■ ACTION ITEM: Stop at the line containing "has lateral holes": write out every line from the beginning of the entries up to and including it, minus the pictures.

■ RECORD EXTRACTS:
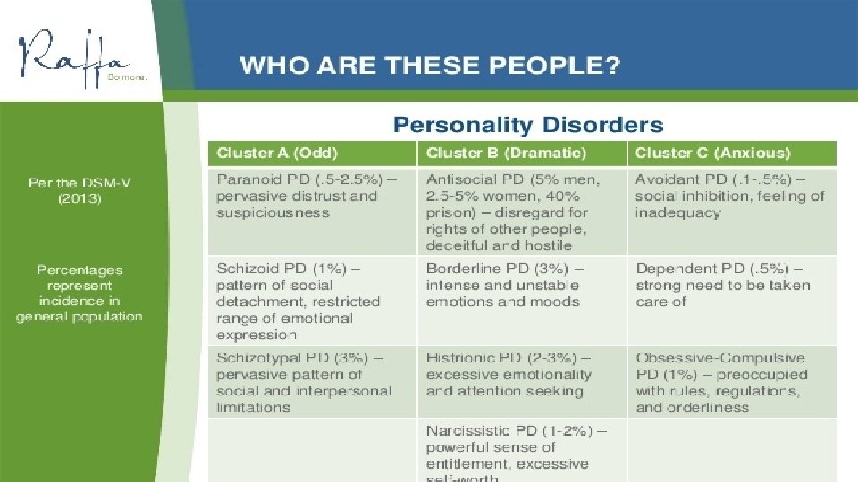Classifying Personality Disorders · The DSM-5 identifies ten personality disorders and separates these into three groups or “clusters”: · · · Odd or eccentric behavior · Paranoid, schizoid, and schizotypal Dramatic, emotional, or erratic behavior · Antisocial, borderline, histrionic, and narcissistic Anxious or fearful behavior · Avoidant, dependent, and obsessive-compulsive 8
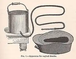 The "fountain syringe" is used for douching, by replacing the attached enema nozzle with the vaginal nozzle (shown bottom left). The vaginal nozzle is longer and thicker and has lateral holes
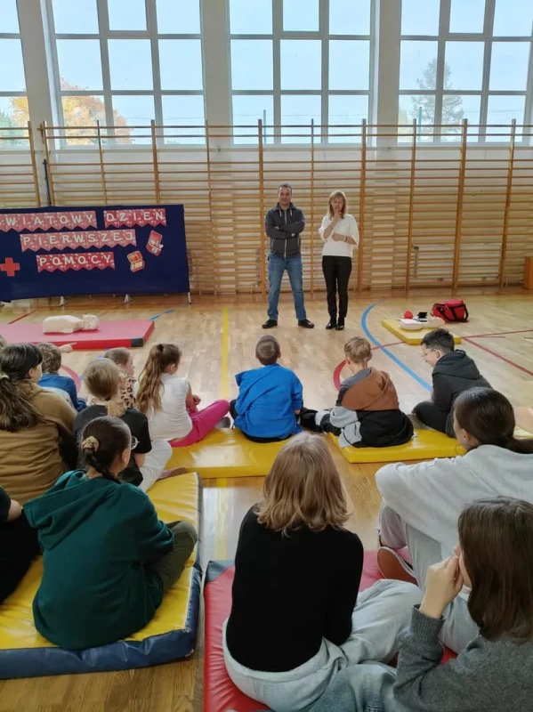 W dniu 16 października 2025 roku nasza szkoła wzięła udział w ogólnopolskiej akcji Bicia Rekordu w Pierwszej Pomocy, organizowanej przez Fundację Wielka Orkiestra Świątecznej Pomocy w ramach Programu Edukacyjnego "Ratujemy i Uczymy Ratować".
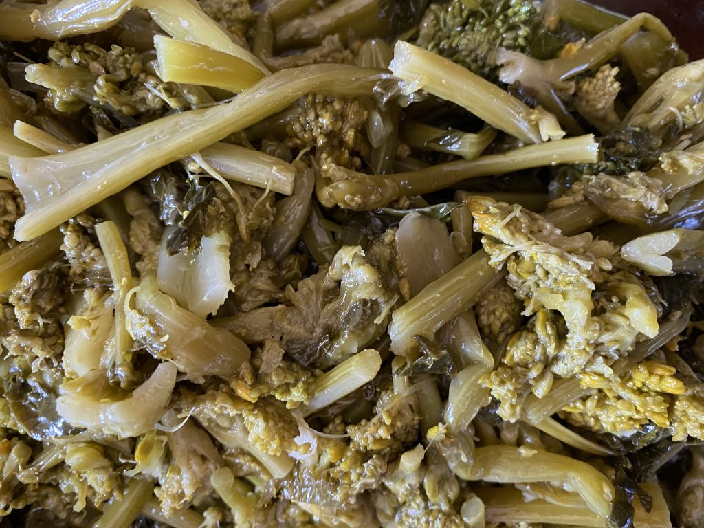 Far soffriggere uno spicchio di aglio in abbondante olio evo. Aggiungere le cime di rapa e farle cuocere bene con abbondante peperoncino.
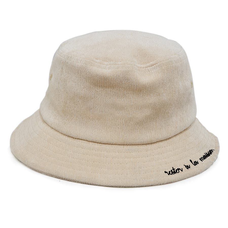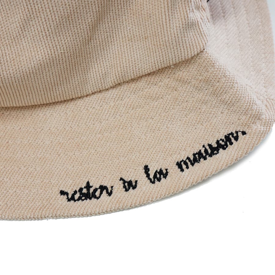ツバのカーブに沿って「rester la maison」の文字をデザインした刺繍がアクセントになって、シンプルながら他とはちょっと違う帽子に仕上がっています。

■ TASK SOLUTION:
Classifying Personality Disorders · The DSM-5 identifies ten personality disorders and separates these into three groups or “clusters”: · · · Odd or eccentric behavior · Paranoid, schizoid, and schizotypal Dramatic, emotional, or erratic behavior · Antisocial, borderline, histrionic, and narcissistic Anxious or fearful behavior · Avoidant, dependent, and obsessive-compulsive 8
 The "fountain syringe" is used for douching, by replacing the attached enema nozzle with the vaginal nozzle (shown bottom left). The vaginal nozzle is longer and thicker and has lateral holes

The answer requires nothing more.